> **DATA**
____

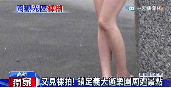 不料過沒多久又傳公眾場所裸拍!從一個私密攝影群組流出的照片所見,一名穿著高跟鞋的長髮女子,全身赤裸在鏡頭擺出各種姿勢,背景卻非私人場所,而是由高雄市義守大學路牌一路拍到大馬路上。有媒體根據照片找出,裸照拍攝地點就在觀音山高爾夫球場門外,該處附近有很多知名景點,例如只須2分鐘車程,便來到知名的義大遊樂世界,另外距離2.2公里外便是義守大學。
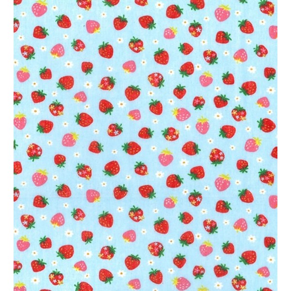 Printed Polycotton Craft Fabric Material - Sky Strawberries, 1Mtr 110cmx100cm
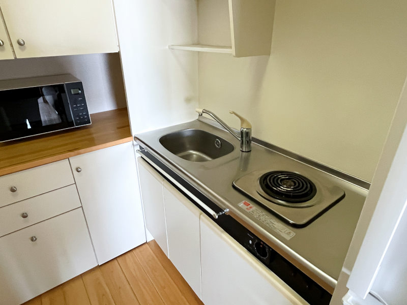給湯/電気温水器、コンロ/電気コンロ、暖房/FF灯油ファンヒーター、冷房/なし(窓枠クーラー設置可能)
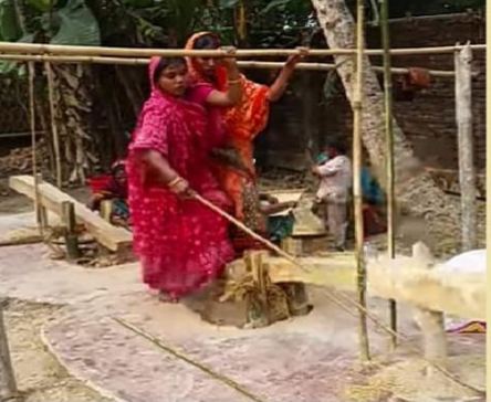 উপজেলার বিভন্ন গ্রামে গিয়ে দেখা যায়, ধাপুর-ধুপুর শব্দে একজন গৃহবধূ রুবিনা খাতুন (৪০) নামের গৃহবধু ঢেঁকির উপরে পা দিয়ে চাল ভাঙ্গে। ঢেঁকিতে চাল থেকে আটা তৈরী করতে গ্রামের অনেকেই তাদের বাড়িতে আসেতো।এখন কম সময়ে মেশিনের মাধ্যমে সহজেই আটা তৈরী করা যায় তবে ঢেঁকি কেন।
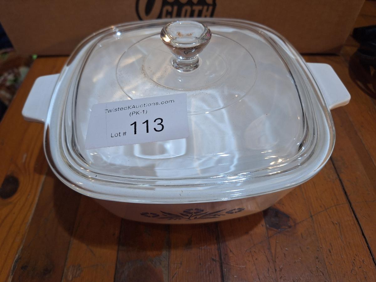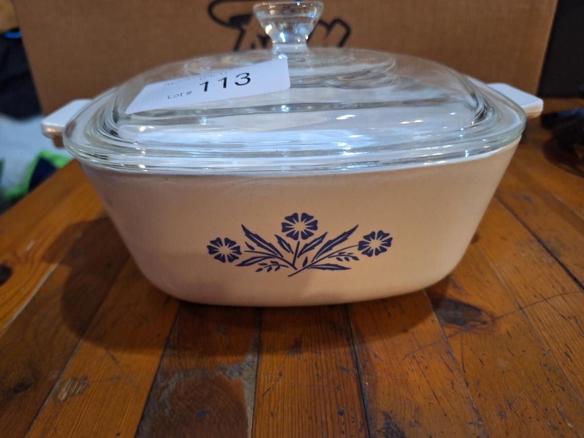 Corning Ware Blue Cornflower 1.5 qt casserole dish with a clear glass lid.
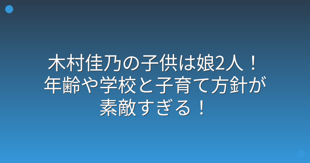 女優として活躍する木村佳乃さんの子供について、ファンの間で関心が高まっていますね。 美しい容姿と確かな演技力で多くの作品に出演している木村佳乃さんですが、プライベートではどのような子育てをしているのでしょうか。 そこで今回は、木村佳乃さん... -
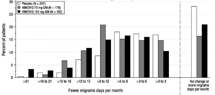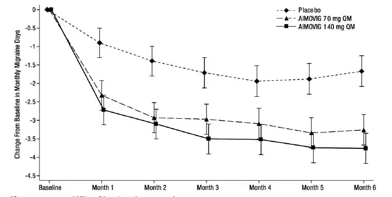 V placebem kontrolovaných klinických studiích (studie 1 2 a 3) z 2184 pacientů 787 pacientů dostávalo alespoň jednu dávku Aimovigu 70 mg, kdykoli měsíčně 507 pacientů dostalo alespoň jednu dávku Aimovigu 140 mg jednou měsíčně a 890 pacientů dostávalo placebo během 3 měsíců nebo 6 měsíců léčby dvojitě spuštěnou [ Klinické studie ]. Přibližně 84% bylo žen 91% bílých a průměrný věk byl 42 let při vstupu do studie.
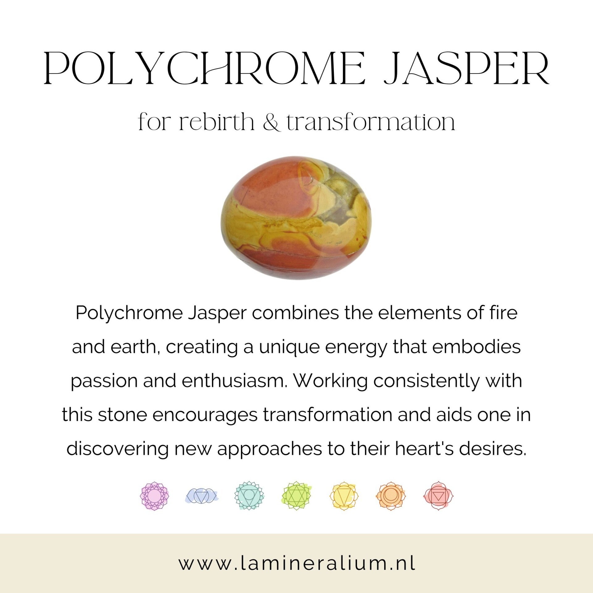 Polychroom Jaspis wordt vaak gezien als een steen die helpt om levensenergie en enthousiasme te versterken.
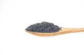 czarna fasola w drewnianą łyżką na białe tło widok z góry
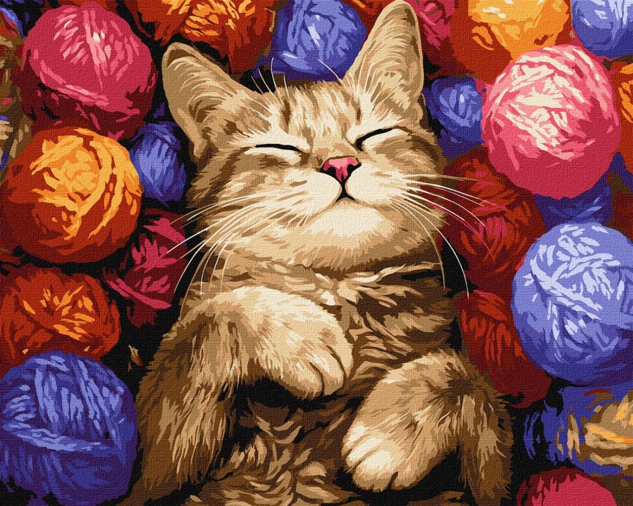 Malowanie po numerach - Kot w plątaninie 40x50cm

____

> **EXERCISE DETAILS**
Copy the records above exactly. The pictures are not part of the copy.

> **ANSWER BOX**
 不料過沒多久又傳公眾場所裸拍!從一個私密攝影群組流出的照片所見,一名穿著高跟鞋的長髮女子,全身赤裸在鏡頭擺出各種姿勢,背景卻非私人場所,而是由高雄市義守大學路牌一路拍到大馬路上。有媒體根據照片找出,裸照拍攝地點就在觀音山高爾夫球場門外,該處附近有很多知名景點,例如只須2分鐘車程,便來到知名的義大遊樂世界,另外距離2.2公里外便是義守大學。
 Printed Polycotton Craft Fabric Material - Sky Strawberries, 1Mtr 110cmx100cm
給湯/電気温水器、コンロ/電気コンロ、暖房/FF灯油ファンヒーター、冷房/なし(窓枠クーラー設置可能)
 উপজেলার বিভন্ন গ্রামে গিয়ে দেখা যায়, ধাপুর-ধুপুর শব্দে একজন গৃহবধূ রুবিনা খাতুন (৪০) নামের গৃহবধু ঢেঁকির উপরে পা দিয়ে চাল ভাঙ্গে। ঢেঁকিতে চাল থেকে আটা তৈরী করতে গ্রামের অনেকেই তাদের বাড়িতে আসেতো।এখন কম সময়ে মেশিনের মাধ্যমে সহজেই আটা তৈরী করা যায় তবে ঢেঁকি কেন।
 Corning Ware Blue Cornflower 1.5 qt casserole dish with a clear glass lid.
 女優として活躍する木村佳乃さんの子供について、ファンの間で関心が高まっていますね。 美しい容姿と確かな演技力で多くの作品に出演している木村佳乃さんですが、プライベートではどのような子育てをしているのでしょうか。 そこで今回は、木村佳乃さん... -
 V placebem kontrolovaných klinických studiích (studie 1 2 a 3) z 2184 pacientů 787 pacientů dostávalo alespoň jednu dávku Aimovigu 70 mg, kdykoli měsíčně 507 pacientů dostalo alespoň jednu dávku Aimovigu 140 mg jednou měsíčně a 890 pacientů dostávalo placebo během 3 měsíců nebo 6 měsíců léčby dvojitě spuštěnou [ Klinické studie ]. Přibližně 84% bylo žen 91% bílých a průměrný věk byl 42 let při vstupu do studie.
 Polychroom Jaspis wordt vaak gezien als een steen die helpt om levensenergie en enthousiasme te versterken.
 czarna fasola w drewnianą łyżką na białe tło widok z góry
 Malowanie po numerach - Kot w plątaninie 40x50cm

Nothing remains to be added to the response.